LPHP: What you’re getting at is to some extent concurrent design of lots of different facets, rather than doing them sequentially. Is that really happening, though?
Geronimi: At 65nm, we had to integrate a lot of things so we have a very complex work sheet. It’s already there at 20nm, so it’s no longer a concern for us.
McCrorie: From a power aspect, you have to create multiple domains and put in various isolation logic between them, We’ve seen an increase in both CPF and UPF from our customer base. We’re starting to become agnostic at Cadence. But we’re seeing that the software is expected to sequence a certain way and you need the logic to follow that sequence. So before you power on you’d better make sure the voltage is stable, the clock is firing up and a whole bunch of preconditions. There’s a lot of extra work that needs to be done, driven by the software. But the information about how to power up can actually be driven by UPF and CPF.
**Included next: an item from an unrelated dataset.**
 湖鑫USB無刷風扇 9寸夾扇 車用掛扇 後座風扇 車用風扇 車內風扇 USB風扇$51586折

LPHP: As we move from 2D to 2.5D and 3D, what changes from the design perspective?
Katz: It doesn’t really change that much. There are special reliability issues and noise and crosstalk issues, but for the moment chip-to-chip communications in a stack will look a lot like chip-to-chip communications the way it works today without the package. You’ll still have things like SerDes to get between different dies. There’s no way to get around that. It will use the same techniques, architectures and interfaces to connect two dies. That doesn’t go away, but you do get better power and performance.
McCrorie: Most of what we’re seeing now is two die being stacked together. If you stack three die, you have thermal issues.

LPHP: There has been a lot of talk about hybrid chips where there may be more than one process technology on a single chip. Is that real?
McCorie: We’ve seen some of that, where people are putting 65nm analog technology on a 28nm digital chip.

LPHP: Can that be planar?
McCrorie: Yes. It just requires a high-speed interface.
Geronimi: You need to solve some critical issues and it does require more integration, but it’s not that complex at the end.
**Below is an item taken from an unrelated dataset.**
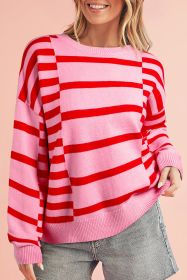 Bonbon Color Block Round Neck Loose Sweater (size: (US 12-14)L)

LPHP: There has always been a fair amount of tension between EDA vendors and leading-edge customers. Recently, EDA vendors have focused heavily on integration while customers want new tools at 20nm and beyond. How is that progressing?
McCrorie: Multi-mode, multi-corner is starting to stress the need for doing statistical analysis. We’re working with one large foundry. The concern is that when you don’t do it statistically, when you get to triple patterning at 14nm, it will get even worse. There is going to be some point between 14nm and 20nm where statistical will be considered by most of the bigger companies.
Carey: Our experience is a little different. Because of our link to manufacturing, we’re working with foundries and key customers on the manufacturing all the way down to 14nm. Then we’re bringing in the DRC tools and the other physical verification products. Our approach is different in that we make sure we can model geometries and verify them first, and then to make sure they’re well integrated in the flow. Our customers put a premium on the accuracy of the device extraction, the DRC, etc., and linking that to the manufacturing process. And then once we’re accurate we take on the integration and the efficiency. Our first rollouts are not fast. They’re optimized over time. We catch flak because they’re not well integrated in the beginning. We have to then optimize and tune and make sure they can be efficient. We can’t just be prototype-ready. We have to be production-ready.
McCrorie: And there are lots of rule changes going on.
Geronimi: There needs to be a very close working relationship between a company like ST and EDA. For double patterning, we don’t want to leave any margin. We want to benefit completely from this move, and we are doing that. The voltage description and the coloring—we are doing what is necessary. For that we need to work with the providers of the tools. In addition, with timing verification and extraction, it’s a much quicker way to get rid of margin. The technologies are there. But there’s also a question of design efficiency and accuracy. You don’t need accuracy everywhere.